Institute of Functional Interfaces

Organic surfaces exposed by self-assembled organothiol monolayers: preparation, characterization, and application

  • chair:

    Kind, M. / Wöll, Ch. (2009)

  • place: Prog. Surf. Sci. (2009)

  • Date: 2009
  • Kind, M. / Wöll, Ch. (2009): „Organic surfaces exposed by self-assembled organothiol monolayers: preparation, characterization, and application“. In: Prog. Surf. Sci. (2009)


Organic surfaces play a major role in materials science. Most surfaces that we touch in our daily lives are made from organic materials, e.g., vegetables, fruit, skin, wood, and textiles made from natural fibers. In the context of biology, organic surfaces play a prominent role too, proteins docking onto cell surfaces are a good example.

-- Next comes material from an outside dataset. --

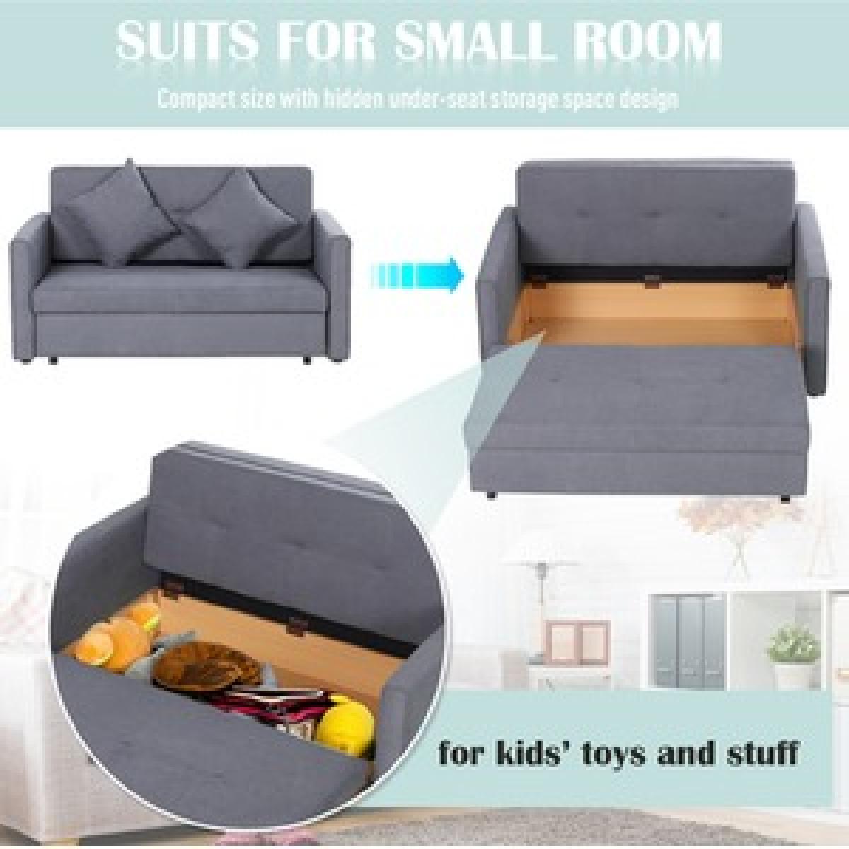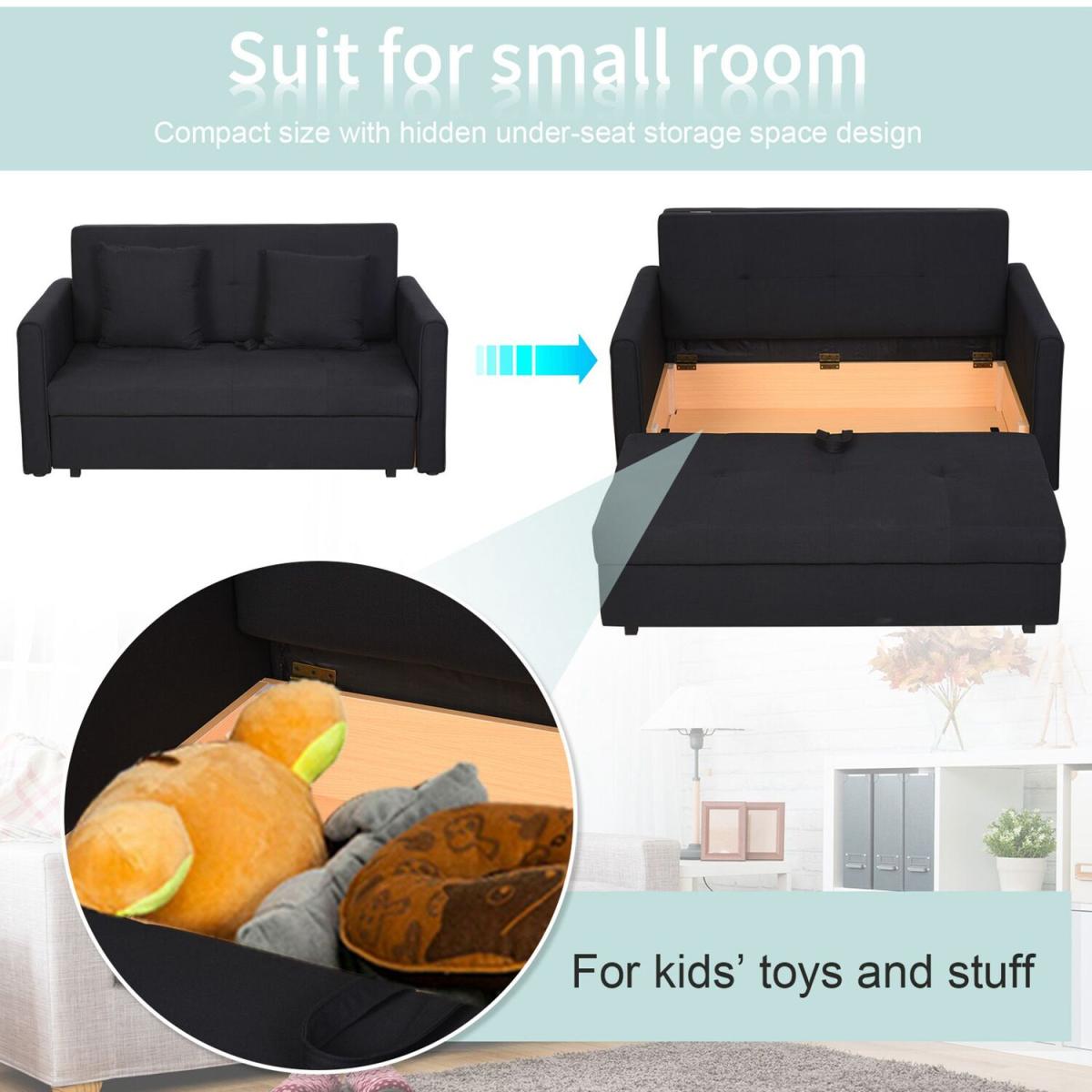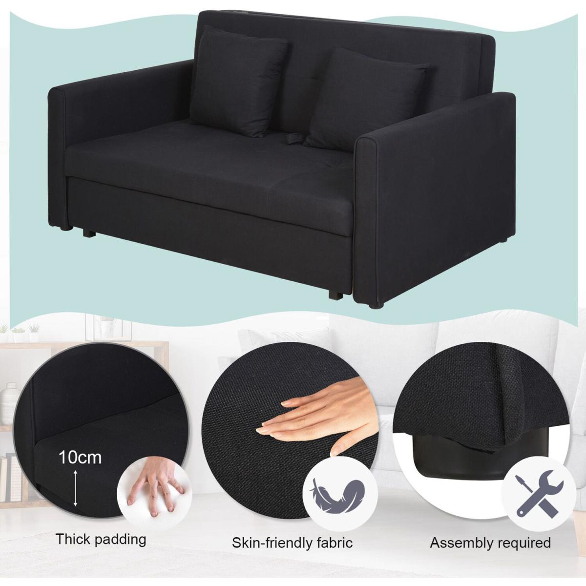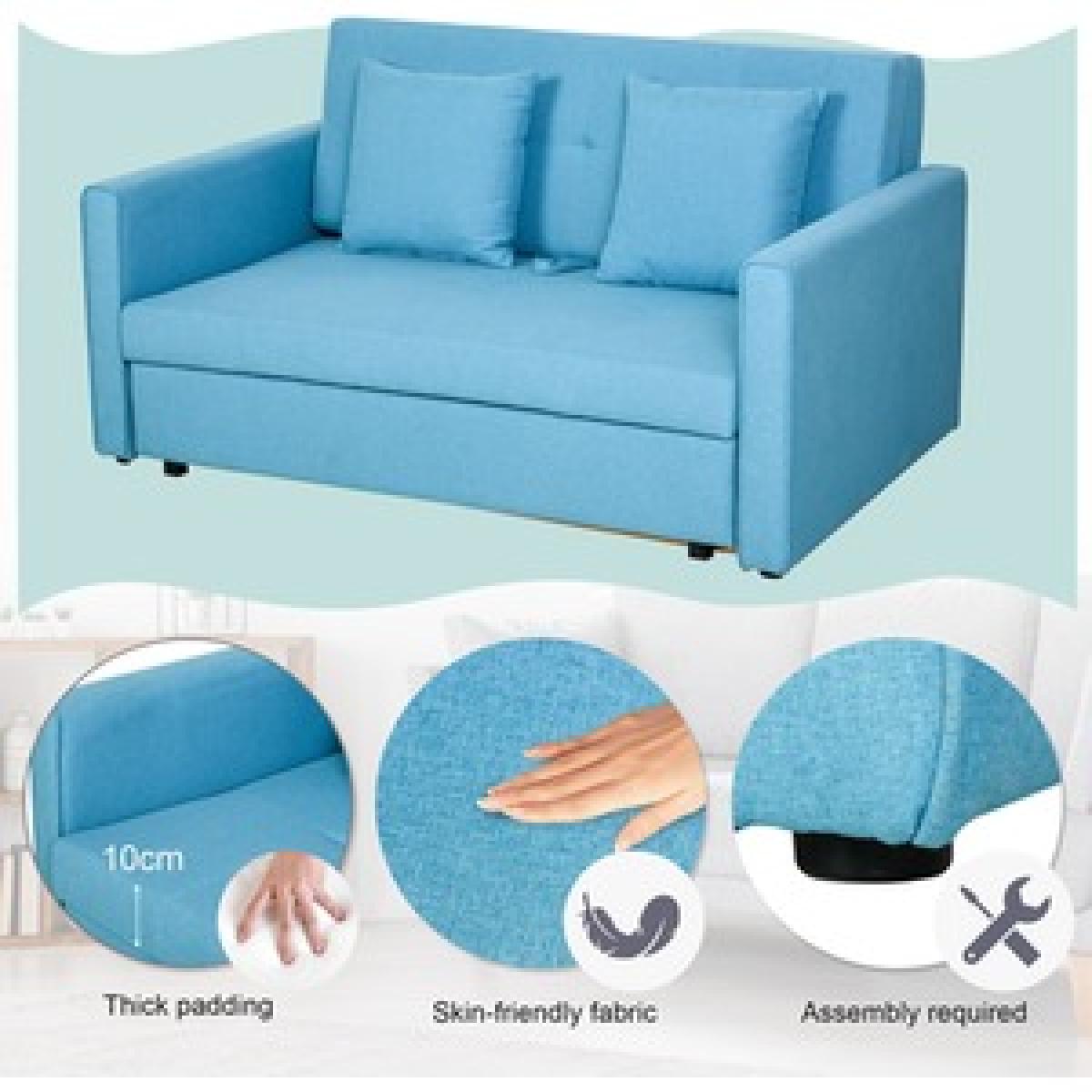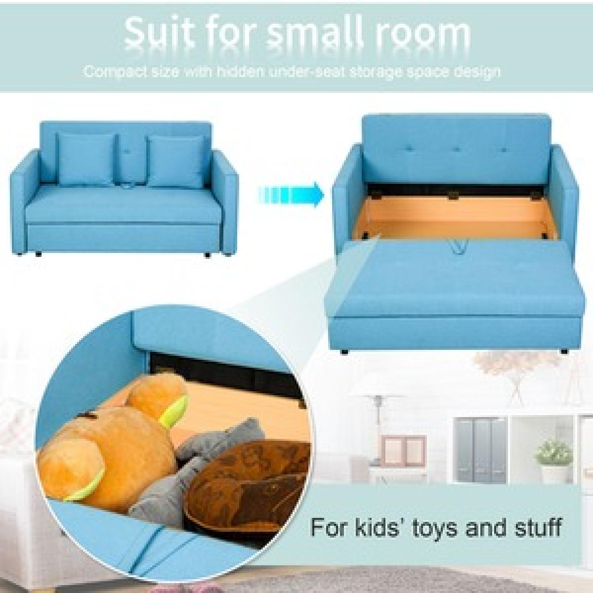 This wonderful sofa bed no less. Finished in blue which allows itself to effortlessly welcome itself into your home, it is built into a sturdy and durable 152cm wide design, with a solid wood frame that can hold up to 200kg over the two seats, with 10cm thick sponge for comfort and support as you rewind. As well as converting to a sofa bed, the seat lifts up to reveal storage space, making it ideal for homes lacking on space, as well as being the perfect place to hold any bedding needed for your guests. Wrapped in polycotton for easy maintenance, it is finished with two removable cushions and feet to keep it level whilst protecting your floor.
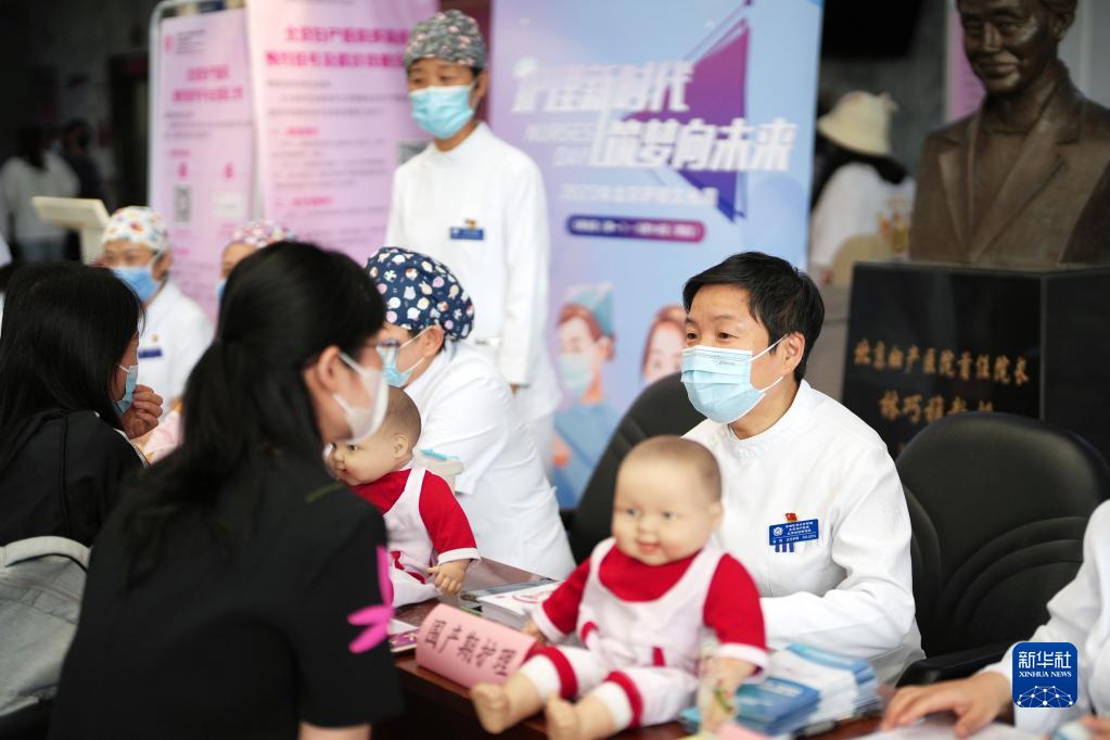 5月12日,護理專家在首都醫科大學附屬北京婦產醫院東院區為患者答疑解惑。

To better understand the characteristics of organic surfaces, including physico-chemical properties like wettability or chemical reactivities and physical properties like friction and lubrication, a structurally well-defined model system that can be investigated with numerous analytical techniques is desirable. In the last two decades, one particular system, self-assembled monolayers or SAMs, have demonstrated their suitability for this purpose.

In particular, organothiols consisting of an organic molecule with an attached SH-group are well suited to fabricating structurally well-defined adlayers of monolayer thickness on gold substrates using a simple preparation procedure. These ultrathin monolayers expose an organic surface with properties that can be tailored by varying the type of organothiol employed.

After a short introduction into the preparation of SAMs, this article provides an overview of the possibilities and limitations of organic surfaces exposed by Au-thiolate SAMs. Applications are as diverse as the metallization of organic surfaces, a fundamental problem in materials science, and the fabrication of surfaces that resist the adsorption of proteins. In addition to a number of different case studies, we will also discuss the most powerful analytical techniques needed to characterize these important model systems.